* [Problem requirements] Starting at the top of the listing, extract every line up to and including the one with "24 x ORANGE". Pictures stay out of the copy.

* [Material provided]
....

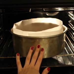 - Foderare con carta da forno oliata uno stampo rotondo da 24 cm ed inserirci le palline
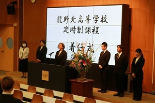 本日、龍野北高等学校アセンブリホールにて、令和8年度着任式が行われました。今年度は教頭先生をはじめ6名の先生方が着任されました。
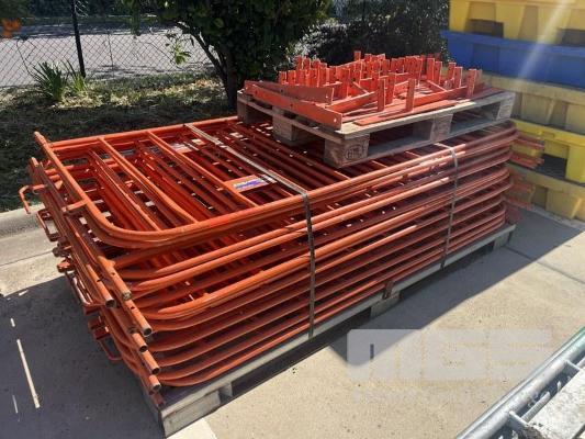 24 x ORANGE STEEL BARRICADE PANELS, 2100 x 1100mm & SOME FEET STANDS
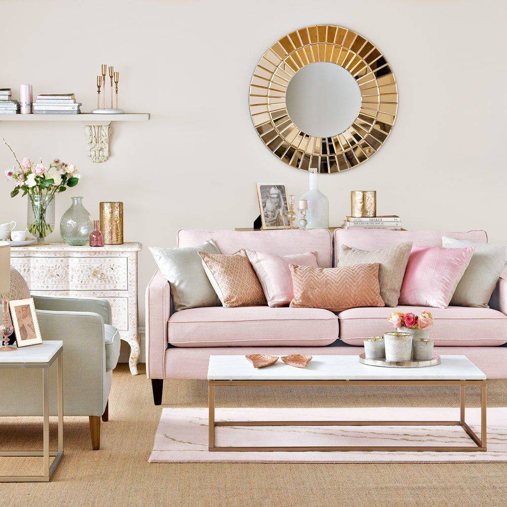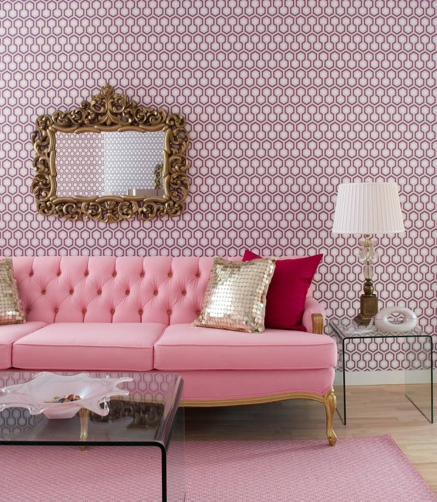 Это совершенно другое, когда вы выбираете интерьер гостиной в стиле гламур. Данный дизайн требует интенсивных цветов, поэтому можете успешно сочетать, например, стены цвета фуксии с мебелью и аксессуарами в розовом. Здесь также стоит использовать розовое золото, которое придаст интерьеру еще более роскошное оформление. Зеркальные рамы, подсвечники или светильники могут быть металлическими, не забудьте про декоративные подушки. Текстиль из розового золота должен максимально сиять и напоминать драгоценный металл, поэтому выбирайте такие ткани, как парча, шелк, атлас или варианты расшитые пайетками.

....

* [Exercise result]
 - Foderare con carta da forno oliata uno stampo rotondo da 24 cm ed inserirci le palline
 本日、龍野北高等学校アセンブリホールにて、令和8年度着任式が行われました。今年度は教頭先生をはじめ6名の先生方が着任されました。
 24 x ORANGE STEEL BARRICADE PANELS, 2100 x 1100mm & SOME FEET STANDS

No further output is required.